EU SEI, MAS NÃO DEVIA





Eu sei que a gente se acostuma. Mas não devia.



A gente se acostuma a morar em apartamento de fundos e a não ter outra vista que não seja as janelas ao redor.



E porque não tem vista, logo se acostuma a não olhar para fora.



E porque não olha para fora logo se acostuma a não abrir de todo as cortinas.



E porque não abre as cortinas logo se acostuma acender mais cedo a luz.



E a medida que se acostuma, esquece o sol, esquece o ar, esquece a amplidão.



A gente se acostuma a acordar de manhã sobressaltado porque está na hora.

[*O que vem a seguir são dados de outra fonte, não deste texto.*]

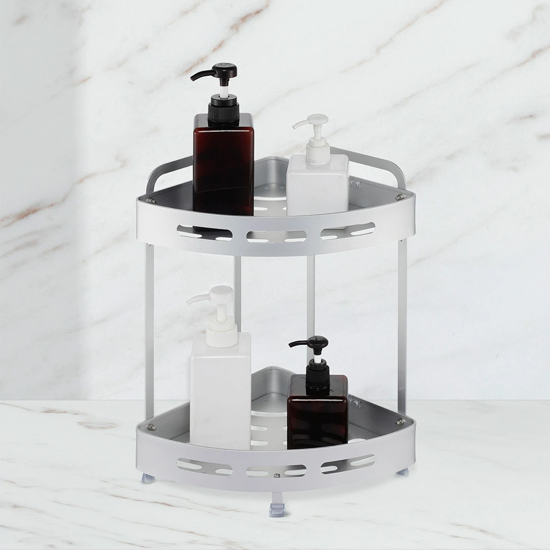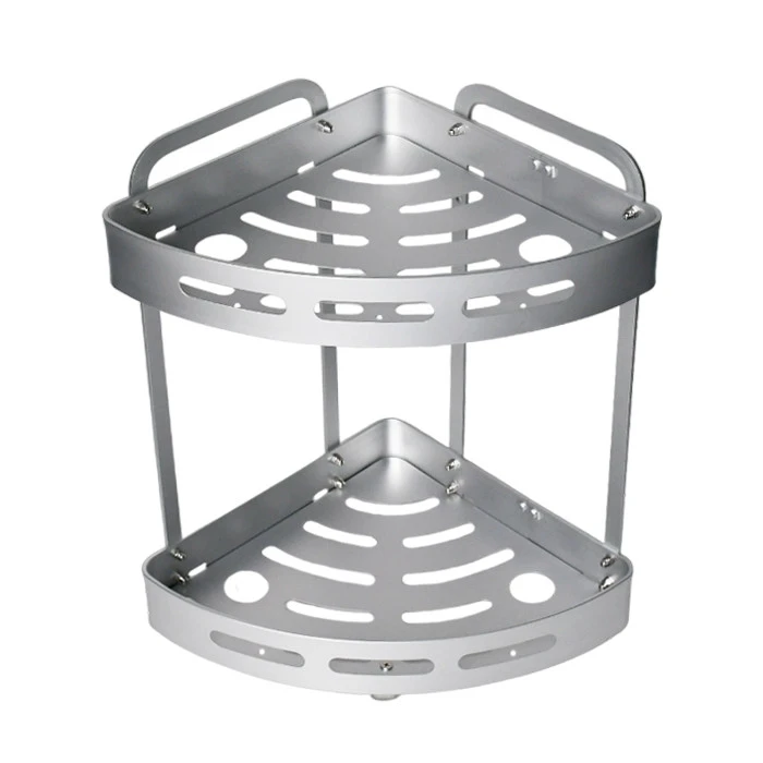 Легка та міцна алюмінієва двоярусна кутова полиця ідеально підійде для компактного розміщення засобів у ванній кімнаті. Стійка до корозії та вологи, проста в догляді.

A tomar café correndo porque está atrasado.



A ler jornal no ônibus porque não pode perder tempo da viagem.



A comer sanduíche porque não dá pra almoçar.



A sair do trabalho porque já é noite.



A cochilar no ônibus porque está cansado.



A deitar cedo e dormir pesado sem ter vivido o dia.



A gente se acostuma a abrir o jornal e a ler sobre a guerra.



E aceitando a guerra, aceita os mortos e que haja número para os mortos.



E aceitando os números aceita não acreditar nas negociações de paz, aceita ler todo dia da guerra, dos números, da longa duração.



A gente se acostuma a esperar o dia inteiro e ouvir no telefone: hoje não posso ir.



A sorrir para as pessoas sem receber um sorriso de volta.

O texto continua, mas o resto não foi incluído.